The economic improvement since the middle of last year has been marked, with unemployment falling from more than 9 percent to 8.3 percent and economic growth rising from less than 1 percent to healthy annual rates closer to 3 percent. All this prompted a solid rally in stocks that, by the end of last month, had pushed the Dow Jones industrial average to more than 13,000 for the first time since 2008.
While threats remain and all sides agree that the economy still has far to go to recover all the ground lost during the Great Recession, the unexpected and sometimes startling gains bode well for an incumbent coming so close to the election.
Especially helpful to Mr. Obama was evidence last month that, thanks to an acceleration of job growth, the lower jobless rate held up despite a surge of nearly a half-million new job seekers into the market looking for work.
“More jobs are popping up here, there and almost everywhere,” said Sung Won Sohn, an economics professor at California State University Channel Islands. “President Obama, facing a tough election this year, is smiling.”
Behind the fall in unemployment was a significant pickup in job growth in the past three months to nearly a quarter-million new jobs a month. That exceeds the average growth rate during the 2000s expansion and is strong enough to keep drawing down the unemployment rate if such growth continues this year. Some economists are predicting unemployment will fall to 8 percent or below before the election.
“To be sure, it is not a home run,” Mr. Sohn said of the monthly job totals, but rather the economy is hitting “solid singles” that are adding up in a significant way. “Employment gains are feeding upon itself, pointing to a durable recovery,” he said.
Marcus Bullus, trading director at MB Capital, said the robust job performance is an elixir for the financial markets.
“With such strong data, the bulls will feel vindicated, the president relieved,” he said.
Mr. Obama expressed satisfaction with the economic progress Friday as he visited a Rolls-Royce plant in Virginia that makes jet-engine parts.
“Day by day, we are restoring the economy from crisis,” he said, contrasting the recent job performance with the hemorrhaging of 600,000 jobs a month in the weeks before he took office in 2009.
Republicans counter that the unemployment rate remains too high and the rate of underemployment — including discouraged workers and those working part time who want full-time jobs — remains near 15 percent.
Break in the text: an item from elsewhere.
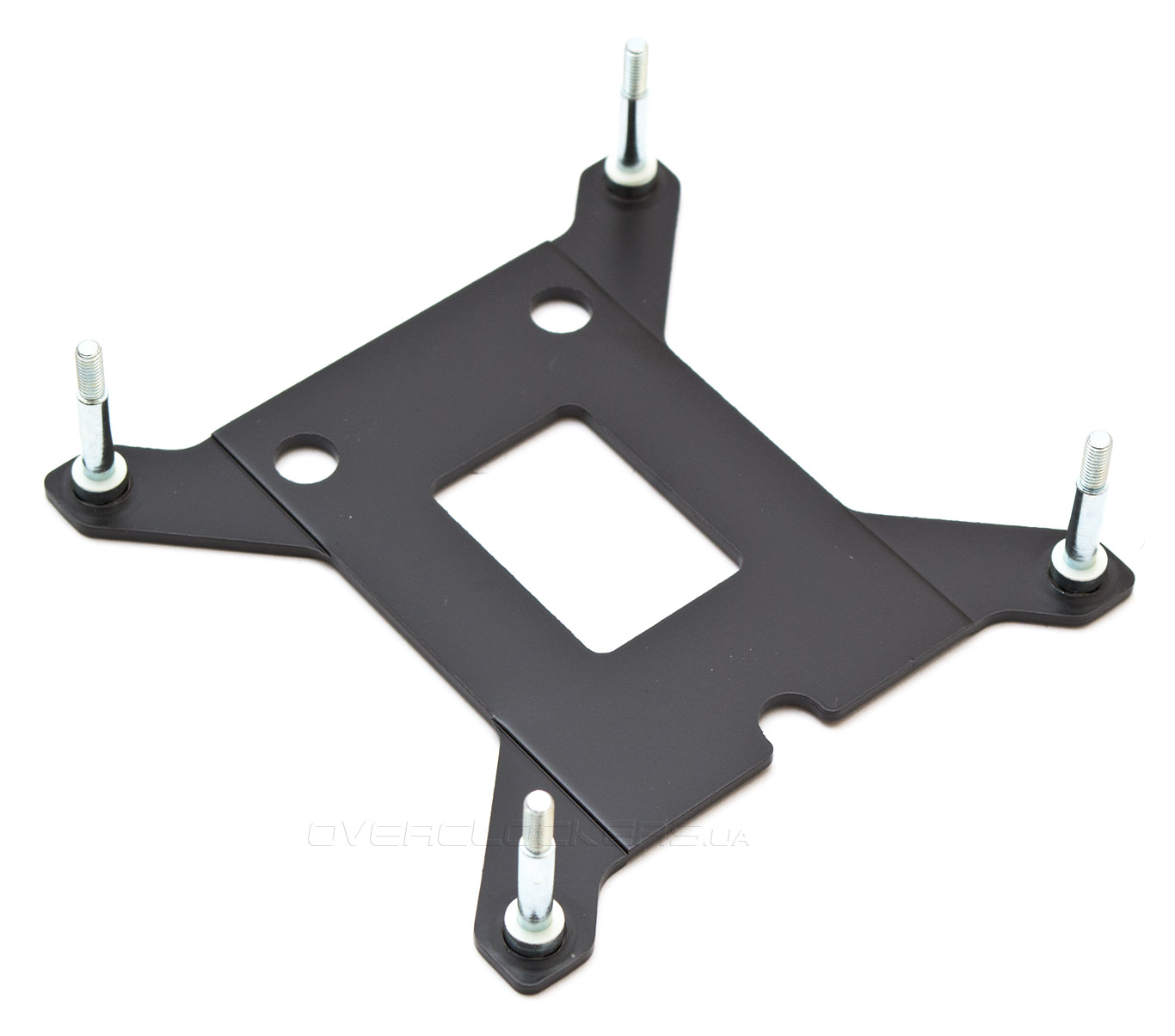 О монтаже кулера я расскажу на примере разъема Intel LGA1155. Для начала вставляем усилительную пластину, которая может иметь только один вариант ориентации, в нужные отверстия на обратной стороне материнской платы.

Moreover, if those idled workers continue to venture back into the job market in hopes of finding work, as some did last month, it will require thousands more jobs to keep the unemployment rate from rising again, said Douglas Holtz-Eagan, a Republican economic adviser and former Congressional Budget Office director.
“The focus has shifted to whether the unemployment rate will drop under 8 percent by Election Day,” he said. “It is not going to happen” if nearly 4 million underemployed workers start looking for jobs again, he said.
But even Mr. Holtz-Eagan conceded that at the current rate of job growth, achieving 8 percent “does not appear to be much of a stretch.” He suggested that the surprisingly strong growth in jobs this winter was artificially boosted by unusually mild weather, and some of the gains will be retraced in coming months.